* _Task prompt_: Begin the copy at the line that contains "Gamesight приводит пример", end it at the last line of the entries below, keep every word exact, and include no pictures.

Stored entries
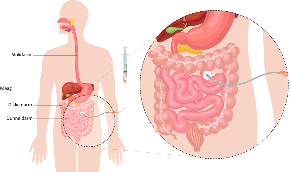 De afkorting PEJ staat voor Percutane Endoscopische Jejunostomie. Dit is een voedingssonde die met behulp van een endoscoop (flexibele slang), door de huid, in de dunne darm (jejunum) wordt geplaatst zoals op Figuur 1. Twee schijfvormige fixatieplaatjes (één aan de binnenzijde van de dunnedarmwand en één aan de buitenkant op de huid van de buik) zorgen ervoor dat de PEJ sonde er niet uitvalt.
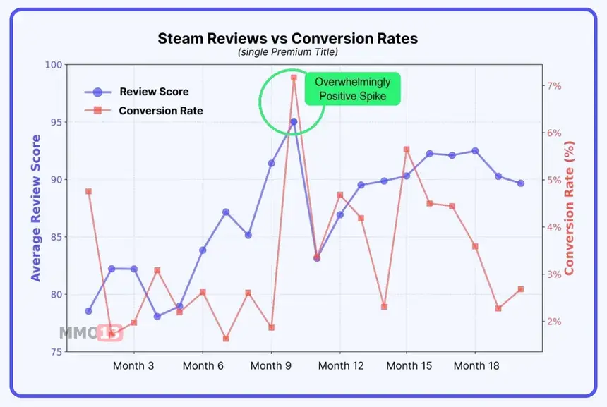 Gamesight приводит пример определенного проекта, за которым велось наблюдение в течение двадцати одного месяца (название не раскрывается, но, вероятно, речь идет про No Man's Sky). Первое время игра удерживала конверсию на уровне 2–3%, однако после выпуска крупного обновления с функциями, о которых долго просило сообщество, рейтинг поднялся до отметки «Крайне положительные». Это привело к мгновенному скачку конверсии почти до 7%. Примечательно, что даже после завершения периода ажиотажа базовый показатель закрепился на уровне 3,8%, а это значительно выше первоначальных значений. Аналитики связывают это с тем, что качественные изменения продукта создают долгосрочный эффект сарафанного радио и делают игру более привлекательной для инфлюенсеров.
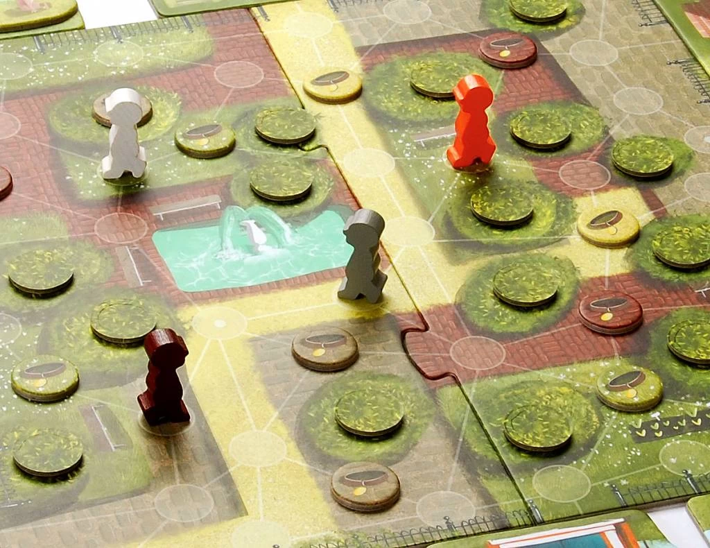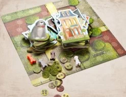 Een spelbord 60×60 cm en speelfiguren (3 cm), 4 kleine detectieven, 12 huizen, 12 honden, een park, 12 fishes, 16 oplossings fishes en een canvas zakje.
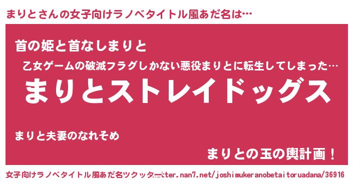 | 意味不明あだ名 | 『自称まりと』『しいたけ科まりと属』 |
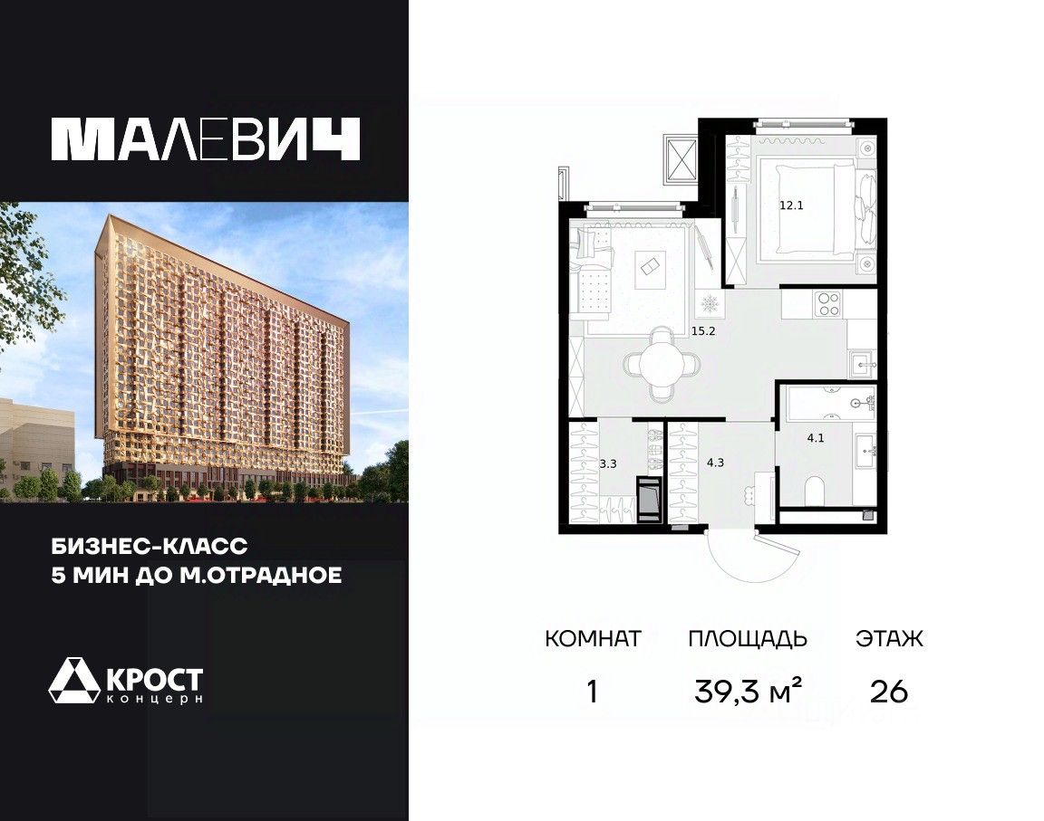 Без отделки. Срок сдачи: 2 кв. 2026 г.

* _Task answer_:
 Gamesight приводит пример определенного проекта, за которым велось наблюдение в течение двадцати одного месяца (название не раскрывается, но, вероятно, речь идет про No Man's Sky). Первое время игра удерживала конверсию на уровне 2–3%, однако после выпуска крупного обновления с функциями, о которых долго просило сообщество, рейтинг поднялся до отметки «Крайне положительные». Это привело к мгновенному скачку конверсии почти до 7%. Примечательно, что даже после завершения периода ажиотажа базовый показатель закрепился на уровне 3,8%, а это значительно выше первоначальных значений. Аналитики связывают это с тем, что качественные изменения продукта создают долгосрочный эффект сарафанного радио и делают игру более привлекательной для инфлюенсеров.
 Een spelbord 60×60 cm en speelfiguren (3 cm), 4 kleine detectieven, 12 huizen, 12 honden, een park, 12 fishes, 16 oplossings fishes en een canvas zakje.
 | 意味不明あだ名 | 『自称まりと』『しいたけ科まりと属』 |
 Без отделки. Срок сдачи: 2 кв. 2026 г.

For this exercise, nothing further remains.